Дневничок, похоже, я влюбилась. Не могу даже описать это состояние. Я думаю о Стёпке постоянно. Мне хочется видеть его, держать за руку, перебирать его вьющиеся волосы, слышать его голос в трубке. Твержу себе: «Не время!» Помогает слабо. Тем более что…

Сегодня Стёпа признался мне в любви. Да, Валентинов день. Я знаю, как тяжело быть одиноким именно в этот праздник. Собственно, 14 февраля праздником никто не объявлял. Пока это просто дата, которую отмечают. Повсюду разбросаны валентинки, яркие, разноцветные шарики, красивые мягкие игрушки. Так хочется подарить это любимому человеку. И когда такого человека нет, сердце просто разрывается на части. Я всегда ждала этого дня с тайной надеждой на чудо. И вдруг… чудо произошло. Оно позвонило в дверь, подарило мне огромный букет роз и хрустальную валентинку. Потом встало на колени и поцеловало мою руку. Мне казалось, я расплачусь от счастья.

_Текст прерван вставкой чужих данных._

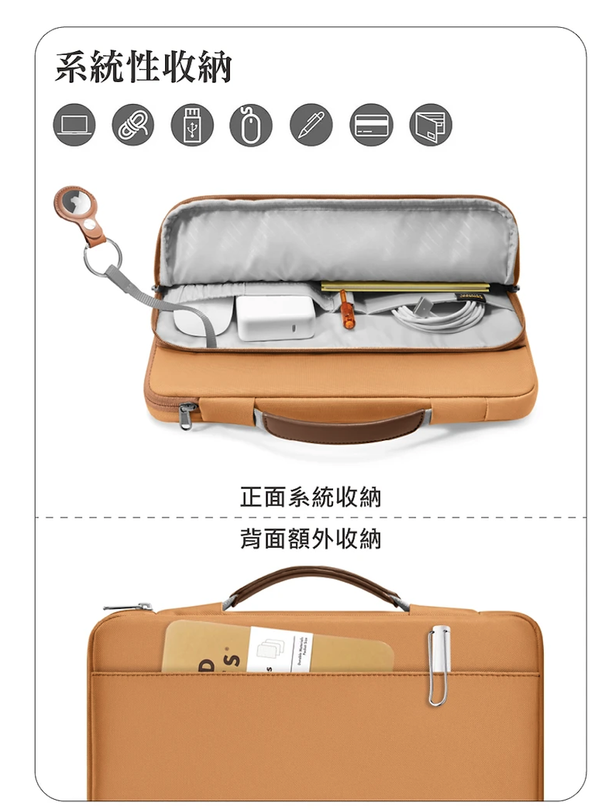除了中心的主袋, Tomtoc 此產品包另外增加了前方的大型拉鍊副袋,提供了更多的收納空間,內部包含了多樣的文具小袋、大小口袋和彈性收藏袋。Tomtoc 筆電包讓您更輕易的掌理數位生活。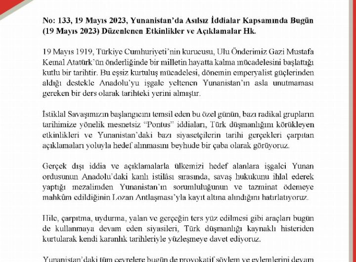 Dışişleri Bakanlığı, Yunanistan’daki ‘Pontus’ yorumlarına sert bir açıklama ile yanıt verdi. Açıklamada, “Yunanistan’daki tüm çevrelere bugün de...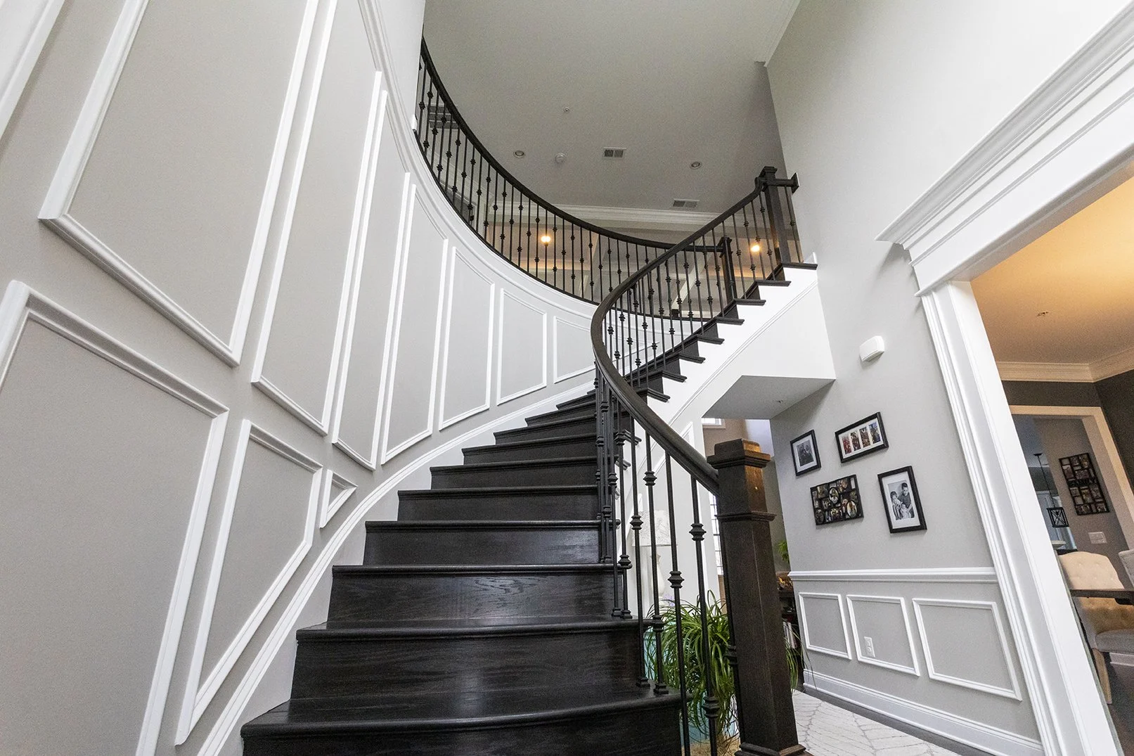 Curved foyer wall guiding movement toward two-story living room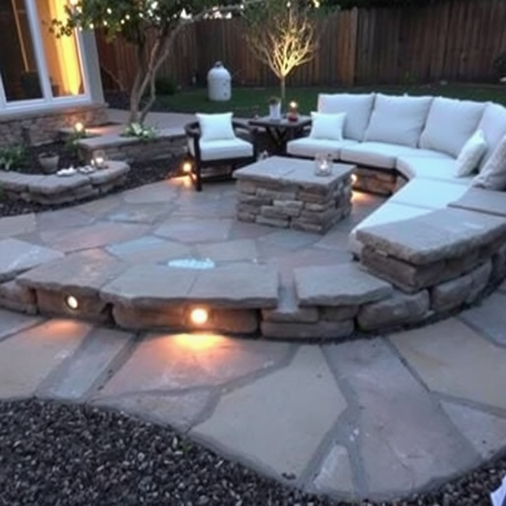 Durable patios, paths, lighting, and seating designed for resilience and year-round use.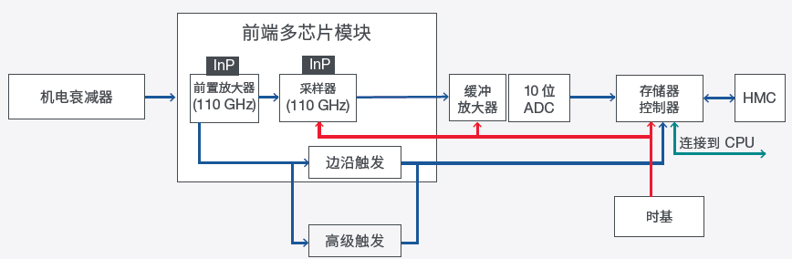图 4. 过去示波器实现 30 GHz 以上带宽的典型方法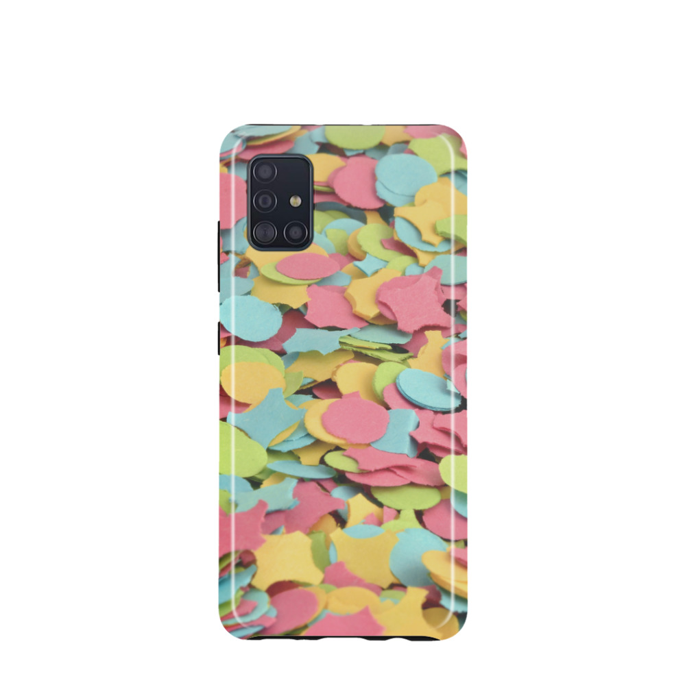 Samsung Galaxy A51 (2019) Hybrid (Kunststoff / Gummi) Hülle Konfettipracht - Blau / Gelb / Rot

…Весь день мы бродили по городу. Пили обжигающе горячий кофе в «Легенде» и смотрели из огромных окон кафе на вечерние, принарядившиеся фонарями улицы. Потом ходили по парку. Слушали, как скрипит под ногами снег… Я всё время боялась, что Стёпа меня поцелует. Точнее, даже не боялась – просто безумно хотела, чтобы его губы коснулись моих, и дрожала от мысли, что это может произойти. Он так меня и не поцеловал. Но даже от его прикосновений к моим ладоням ток шёл по коже…

16 февраля 2000 года

Влюбляюсь в него всё больше. Скучаю, когда он выходит из класса. Пишу глупые стихи на листочках для черновиков и совсем не слежу за объяснениями учителей. Дома не могу сосредоточиться на уроках и трачу на домашнее задание в два раза больше времени, чем раньше… Влюбляюсь… И от этого чувствую себя необыкновенно, волшебно счастливой. Как будто солнце сияет только для меня. Нет, для нас двоих…

И не могу не думать о подругах. Радуюсь за Олю и Дика. У Оли такие счастливые глаза. Она говорит, что они точно поженятся, как только Оля закончит школу. И не могу не грустить о Наташе. Она очень спокойная, сосредоточенная и какая-то… тихая. С того дня, когда она приехала ко мне ранним субботним утром, мы больше ни разу не говорили о Петровском. Наташа всё так же приветлива, мы бегаем друг к другу на переменах, созваниваемся вечерами и даже о чём-то говорим, пока в трубке не повисает тяжёлая тишина. Честное слово, я боюсь за неё. Боюсь, как бы она не сделала с собой какой-нибудь глупости.

17 февраля 2000 года

Дима приедет не 19-го, а 28-го. Так маме сегодня сказали на работе. И наконец-то доставили указ о её назначении судьёй. Ровно через неделю она выйдет на новую работу. Интересно, как это, когда оба родителя – судьи? Подозреваю, что весело. Особенно когда им обоим попадает «шлея под мантию».

До Димкиного приезда опять почти целая вечность…

Звонки с угрозами пока прекратились. Если честно, меня это даже пугает. Не думаю, что Кулковский хотел просто потрепать нам нервы…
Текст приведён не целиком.